Data-science Research Project Management Demystified by Zencity's Lead Data Scientist
Originally published on Medium.
Agile software development has taken over the hi-tech industry. Whether implemented as Scrum, Kanban or Scrumban, these methods were created in order to be flexible and allow quick changes by working in short cycles. While these implementations are well suited for development, they collide in certain aspects with research, therefore in order to be agile in research, we need to adapt the core values of Agile and reconcile them with research methodologies, i.e. create a working implementation that uses Agile values and ideas, but is oriented toward research. The following is a method I developed, which is based on my personal experience managing a data-science research team and was tested with multiple projects.
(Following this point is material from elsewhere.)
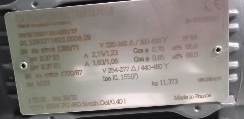 -Antriebsmotor: 0,37 kW 71 U/min

In the next sections, I’ll review the different types of research from a time perspective, compare development and research workflow approaches, and finally suggest my work methodology.
Types of Research
We usually encounter three types of research:
- Long-term, in academia and companies such as IBM or FACEBOOK, i.e., research that advances science or technology
- Medium-term, i.e., strategic projects that will contribute to your company in the near future
- Short-term projects, i.e., features for your company’s product, client-projects, internal projects such as reusable APIs or POCs
Short or medium-term projects, in my opinion, applies to any project with some affinity to academia or a company-related project that aims to create a novel algorithm or implements a new feature, but with industry constraints such as time, resources or money. In contrast, long-term research in the industry is usually the most feared (although there are exceptions). For example, in many interviews, as a PhD graduate, I was asked if I could work in a fast-paced startup-mentality company and deliver results on a short-term basis.
Major Differences Between Development and Research
Let’s compare the development workflow for both fields.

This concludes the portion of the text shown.